Data extract Start Marker

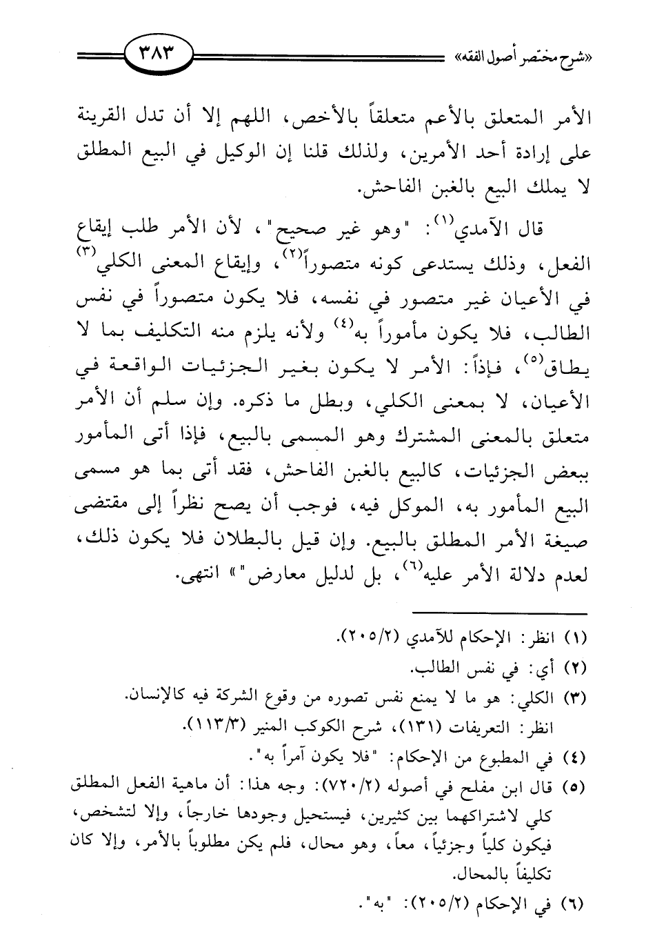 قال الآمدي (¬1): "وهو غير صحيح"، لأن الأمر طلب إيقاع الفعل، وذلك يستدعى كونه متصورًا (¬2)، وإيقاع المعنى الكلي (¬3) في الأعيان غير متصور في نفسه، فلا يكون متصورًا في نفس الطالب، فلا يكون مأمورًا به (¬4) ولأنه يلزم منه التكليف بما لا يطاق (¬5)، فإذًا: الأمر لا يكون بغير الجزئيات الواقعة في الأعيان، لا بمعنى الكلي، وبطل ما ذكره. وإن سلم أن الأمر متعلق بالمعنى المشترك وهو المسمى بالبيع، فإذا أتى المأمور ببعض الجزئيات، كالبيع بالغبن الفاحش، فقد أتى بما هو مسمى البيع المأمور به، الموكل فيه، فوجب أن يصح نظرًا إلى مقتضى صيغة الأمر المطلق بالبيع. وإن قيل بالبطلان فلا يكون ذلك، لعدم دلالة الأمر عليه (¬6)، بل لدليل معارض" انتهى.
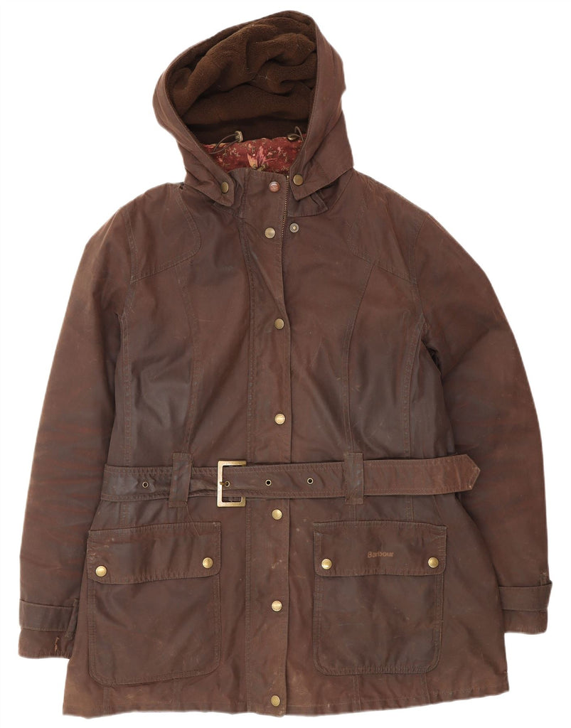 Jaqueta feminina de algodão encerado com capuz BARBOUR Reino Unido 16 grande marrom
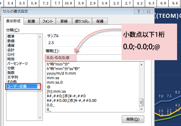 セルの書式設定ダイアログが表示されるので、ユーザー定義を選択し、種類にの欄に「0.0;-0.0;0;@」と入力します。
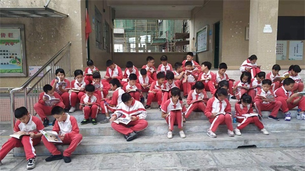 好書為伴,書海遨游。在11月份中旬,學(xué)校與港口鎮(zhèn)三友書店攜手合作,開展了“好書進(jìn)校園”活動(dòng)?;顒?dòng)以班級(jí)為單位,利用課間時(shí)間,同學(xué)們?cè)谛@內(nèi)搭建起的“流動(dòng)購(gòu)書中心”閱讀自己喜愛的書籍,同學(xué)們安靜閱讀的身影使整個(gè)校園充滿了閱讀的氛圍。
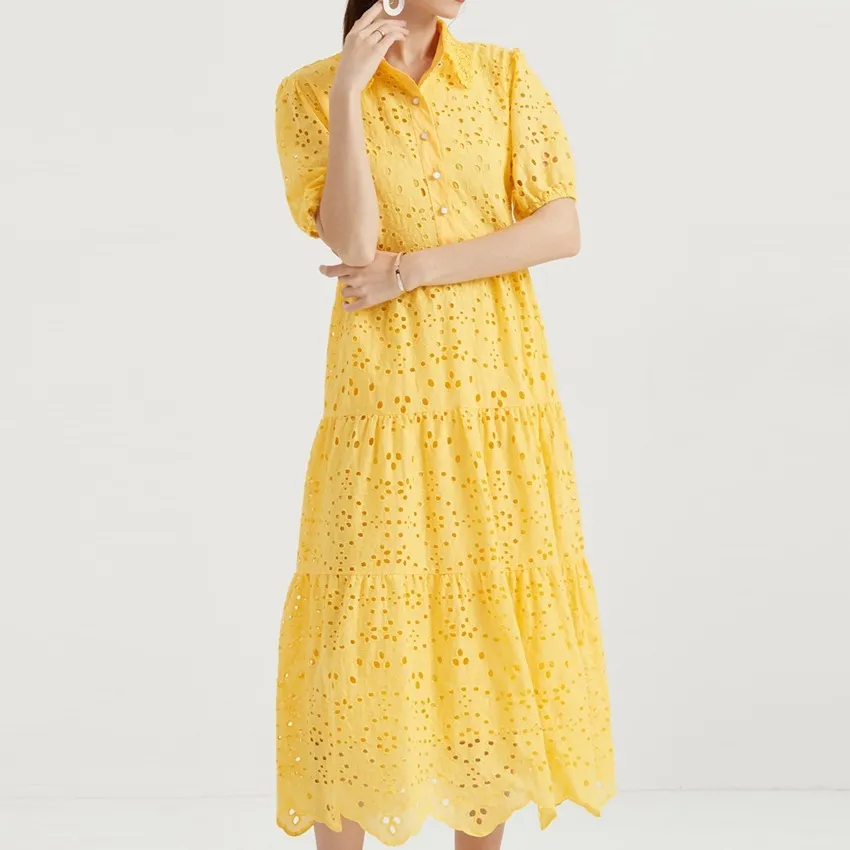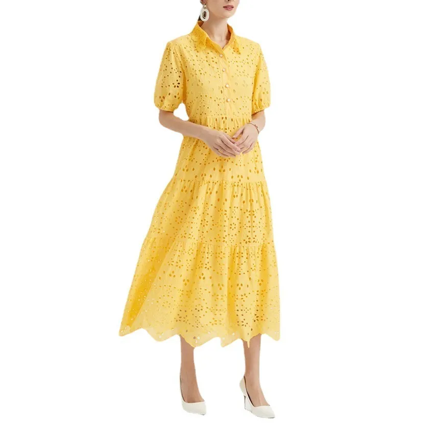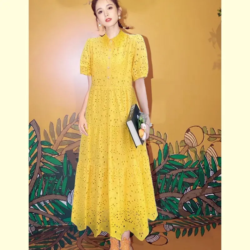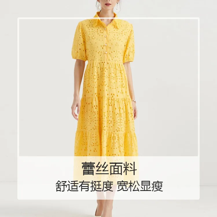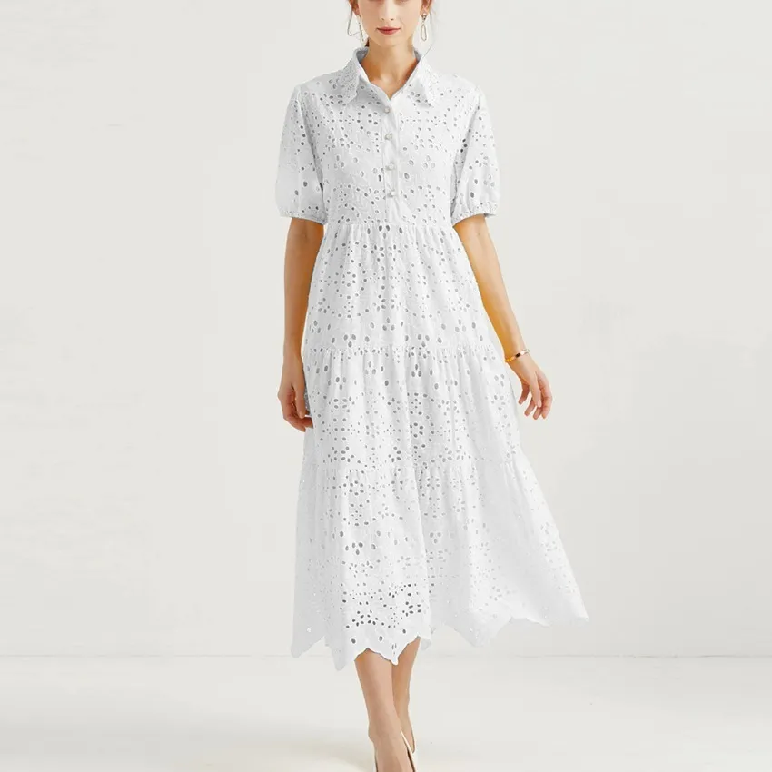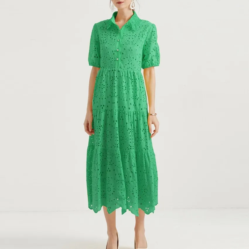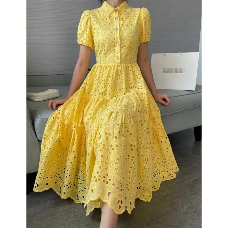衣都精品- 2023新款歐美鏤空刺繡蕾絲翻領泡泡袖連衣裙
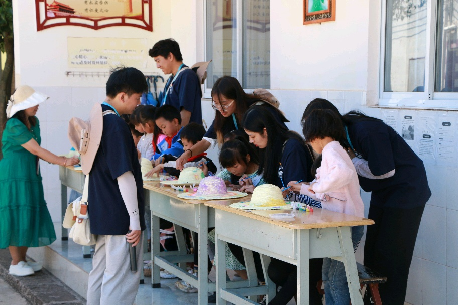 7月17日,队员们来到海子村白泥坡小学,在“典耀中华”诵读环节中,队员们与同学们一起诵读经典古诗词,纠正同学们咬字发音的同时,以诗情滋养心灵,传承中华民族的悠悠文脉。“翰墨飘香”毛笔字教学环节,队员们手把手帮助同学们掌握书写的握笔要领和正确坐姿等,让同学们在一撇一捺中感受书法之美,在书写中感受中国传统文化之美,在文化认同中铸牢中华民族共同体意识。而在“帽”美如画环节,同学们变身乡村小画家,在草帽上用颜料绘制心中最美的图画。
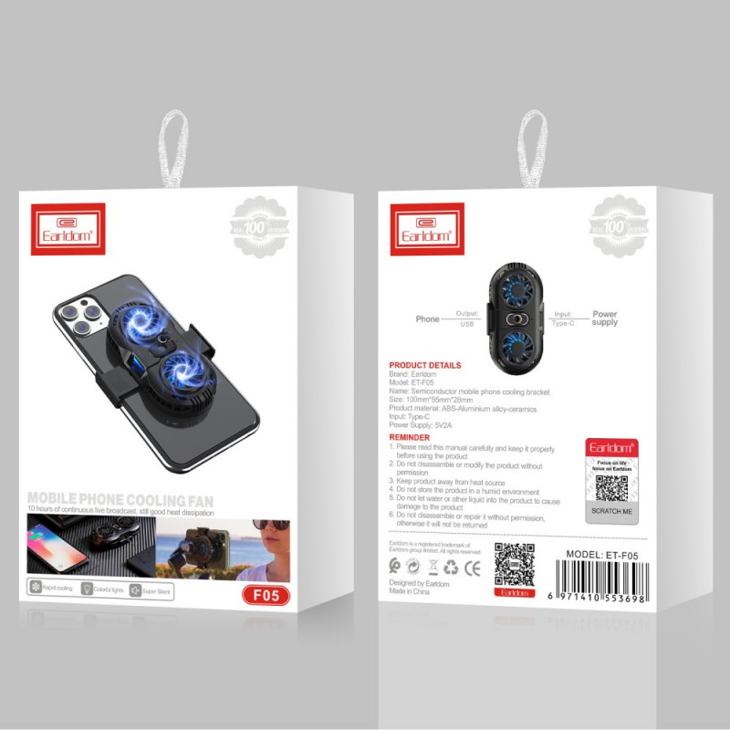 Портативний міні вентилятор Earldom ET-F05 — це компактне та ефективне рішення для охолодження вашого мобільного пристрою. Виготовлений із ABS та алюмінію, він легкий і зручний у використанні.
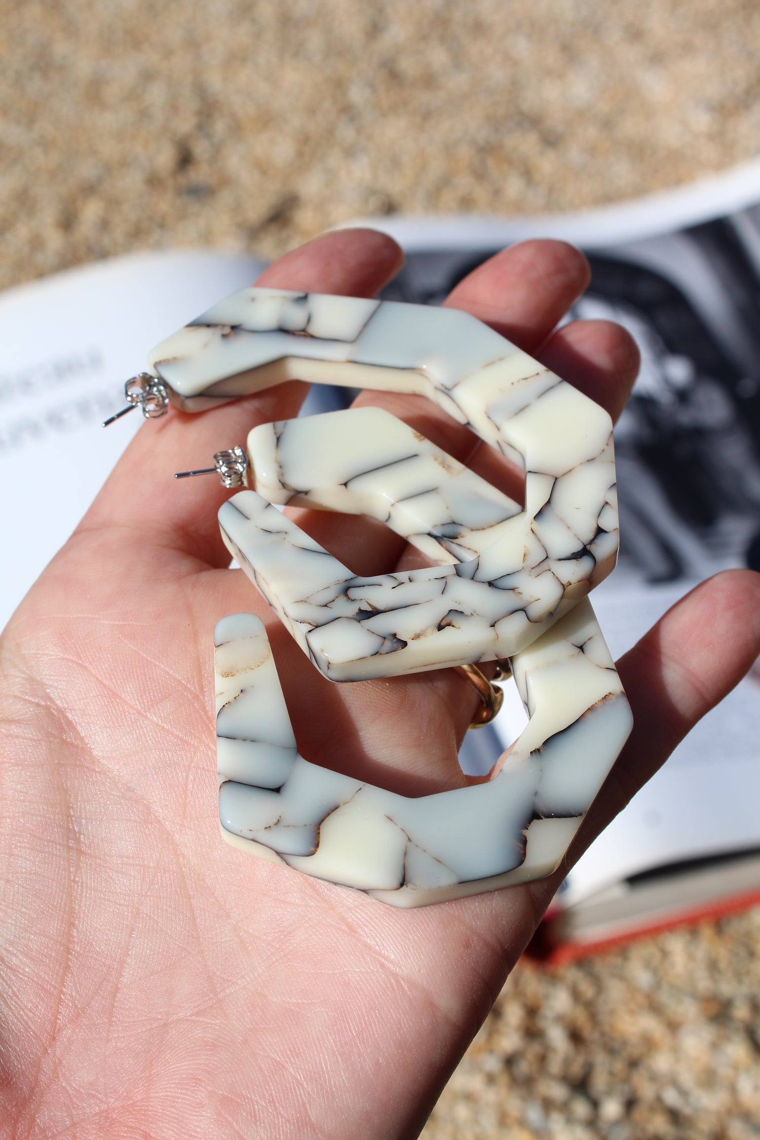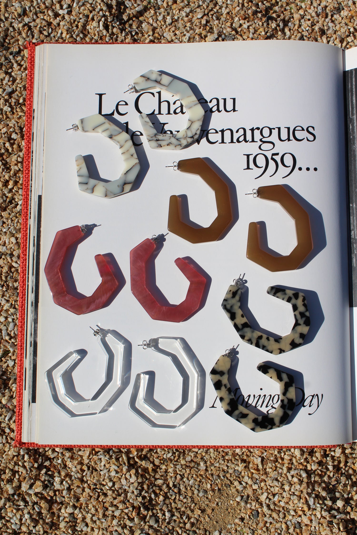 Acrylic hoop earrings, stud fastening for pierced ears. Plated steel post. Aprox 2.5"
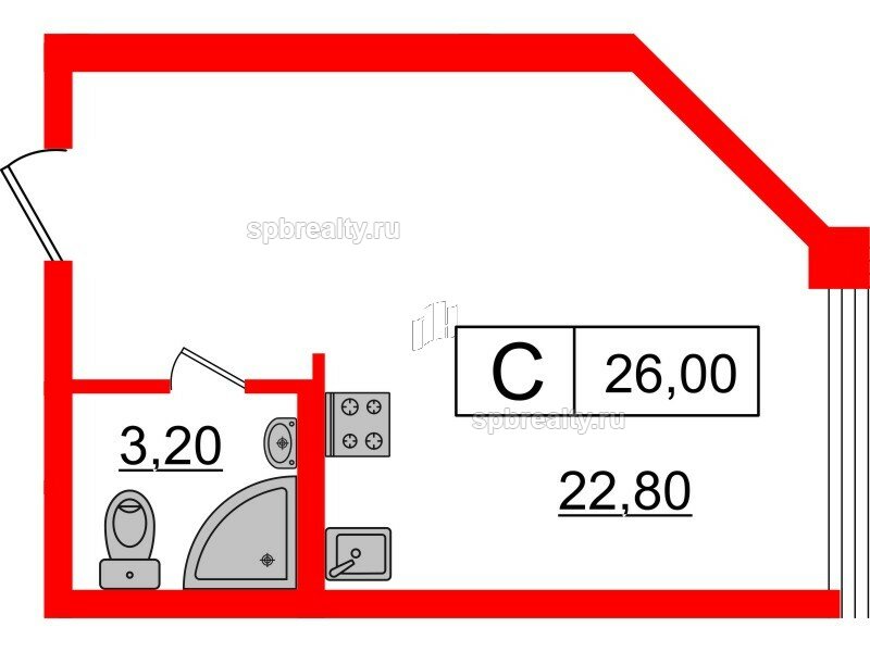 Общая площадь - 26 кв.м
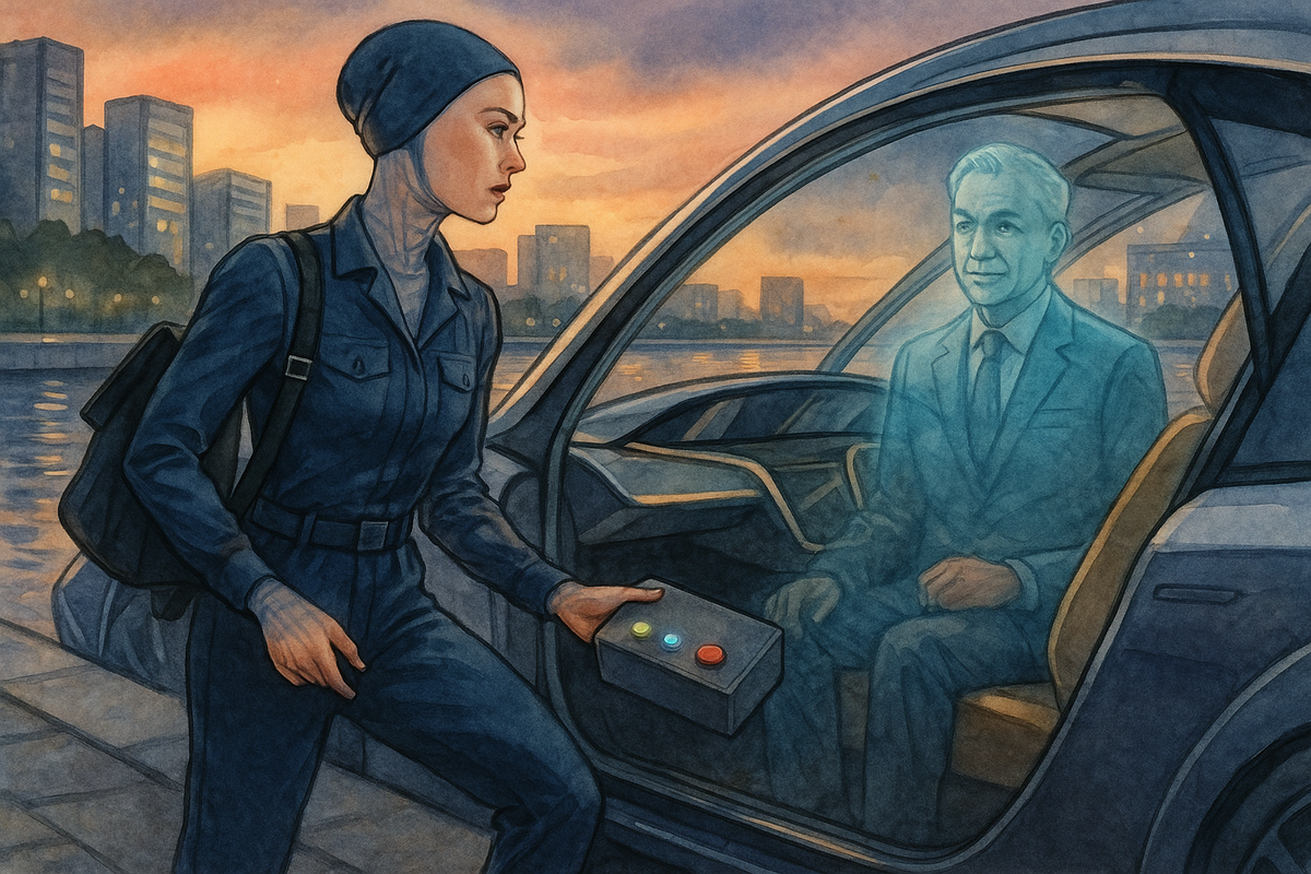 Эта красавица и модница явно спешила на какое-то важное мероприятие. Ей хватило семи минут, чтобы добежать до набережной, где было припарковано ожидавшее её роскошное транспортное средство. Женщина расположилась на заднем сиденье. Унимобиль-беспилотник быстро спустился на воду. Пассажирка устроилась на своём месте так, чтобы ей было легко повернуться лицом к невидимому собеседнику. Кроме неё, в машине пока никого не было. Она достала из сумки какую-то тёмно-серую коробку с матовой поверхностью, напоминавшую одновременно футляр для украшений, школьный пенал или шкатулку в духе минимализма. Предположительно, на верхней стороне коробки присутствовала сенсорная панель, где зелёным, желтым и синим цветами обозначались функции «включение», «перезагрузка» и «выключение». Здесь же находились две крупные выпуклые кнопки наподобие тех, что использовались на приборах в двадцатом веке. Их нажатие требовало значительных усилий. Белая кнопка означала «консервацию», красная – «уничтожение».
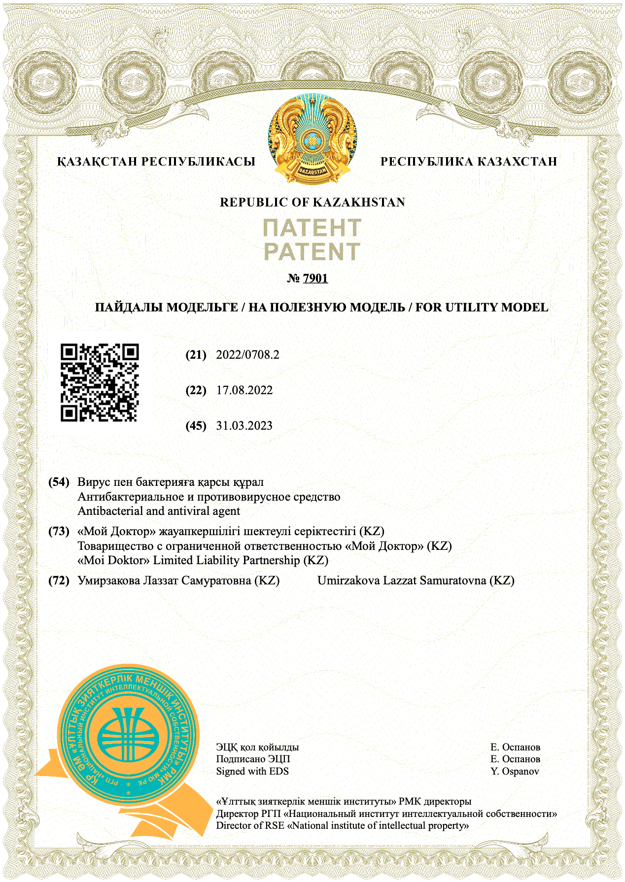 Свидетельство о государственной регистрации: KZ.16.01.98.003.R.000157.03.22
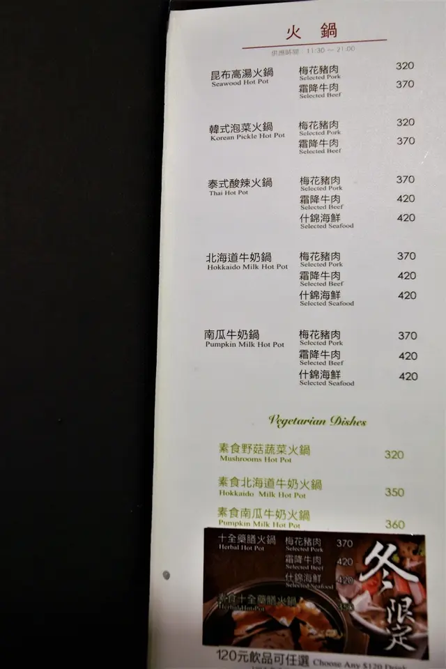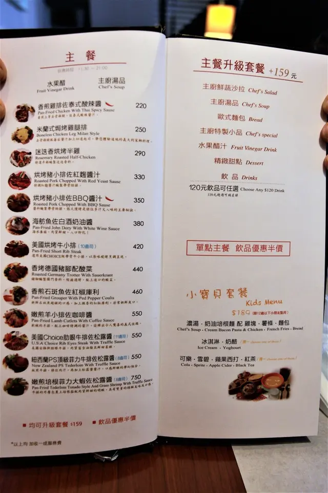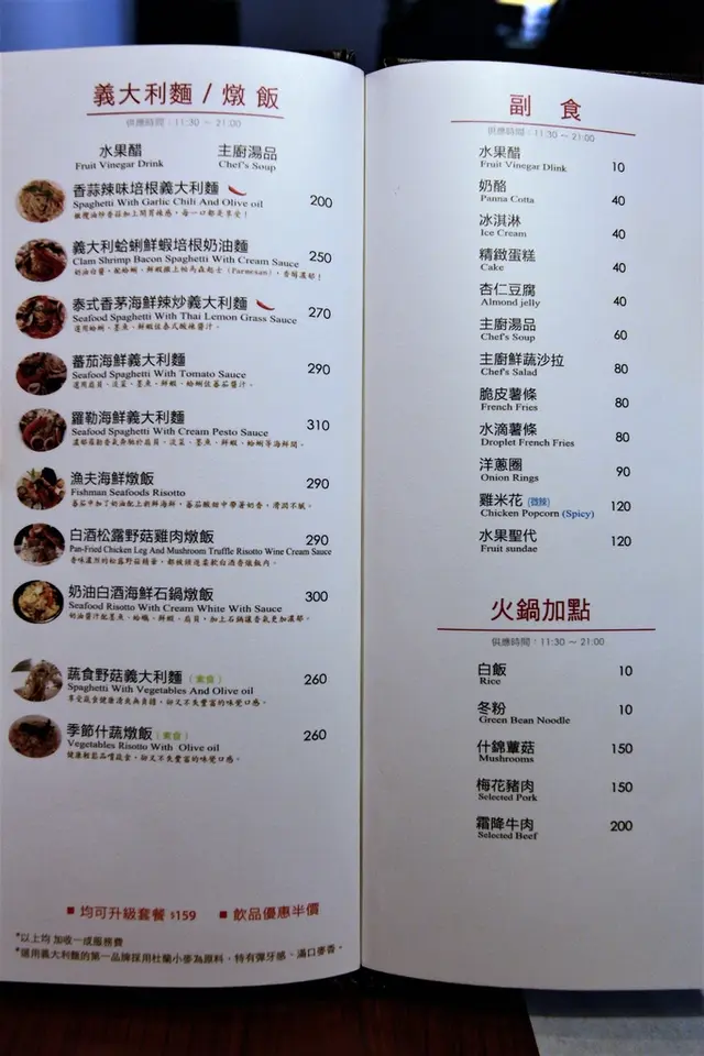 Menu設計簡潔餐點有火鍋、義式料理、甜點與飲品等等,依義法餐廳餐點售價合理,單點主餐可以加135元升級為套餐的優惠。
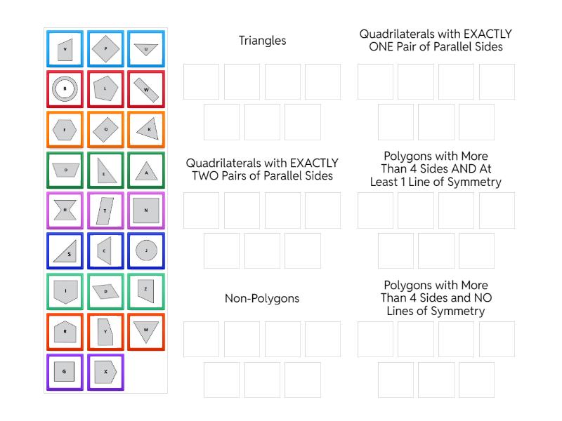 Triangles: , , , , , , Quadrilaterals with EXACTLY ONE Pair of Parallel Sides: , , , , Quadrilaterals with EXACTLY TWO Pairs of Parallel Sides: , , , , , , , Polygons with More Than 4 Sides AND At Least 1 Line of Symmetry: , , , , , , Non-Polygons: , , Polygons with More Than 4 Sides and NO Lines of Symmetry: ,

Data extract End Marker

_What you need to do_
Treat the line with "Jaqueta feminina de" as the start and the line with "Общая площадь - 26 кв.м" as the end, and return exactly that span of the data above, both ends included, without pictures.

_Response box_
 Jaqueta feminina de algodão encerado com capuz BARBOUR Reino Unido 16 grande marrom
 セルの書式設定ダイアログが表示されるので、ユーザー定義を選択し、種類にの欄に「0.0;-0.0;0;@」と入力します。
 好書為伴,書海遨游。在11月份中旬,學(xué)校與港口鎮(zhèn)三友書店攜手合作,開展了“好書進(jìn)校園”活動(dòng)?;顒?dòng)以班級(jí)為單位,利用課間時(shí)間,同學(xué)們?cè)谛@內(nèi)搭建起的“流動(dòng)購(gòu)書中心”閱讀自己喜愛的書籍,同學(xué)們安靜閱讀的身影使整個(gè)校園充滿了閱讀的氛圍。
衣都精品- 2023新款歐美鏤空刺繡蕾絲翻領泡泡袖連衣裙
 7月17日,队员们来到海子村白泥坡小学,在“典耀中华”诵读环节中,队员们与同学们一起诵读经典古诗词,纠正同学们咬字发音的同时,以诗情滋养心灵,传承中华民族的悠悠文脉。“翰墨飘香”毛笔字教学环节,队员们手把手帮助同学们掌握书写的握笔要领和正确坐姿等,让同学们在一撇一捺中感受书法之美,在书写中感受中国传统文化之美,在文化认同中铸牢中华民族共同体意识。而在“帽”美如画环节,同学们变身乡村小画家,在草帽上用颜料绘制心中最美的图画。
 Портативний міні вентилятор Earldom ET-F05 — це компактне та ефективне рішення для охолодження вашого мобільного пристрою. Виготовлений із ABS та алюмінію, він легкий і зручний у використанні.
 Acrylic hoop earrings, stud fastening for pierced ears. Plated steel post. Aprox 2.5"
 Общая площадь - 26 кв.м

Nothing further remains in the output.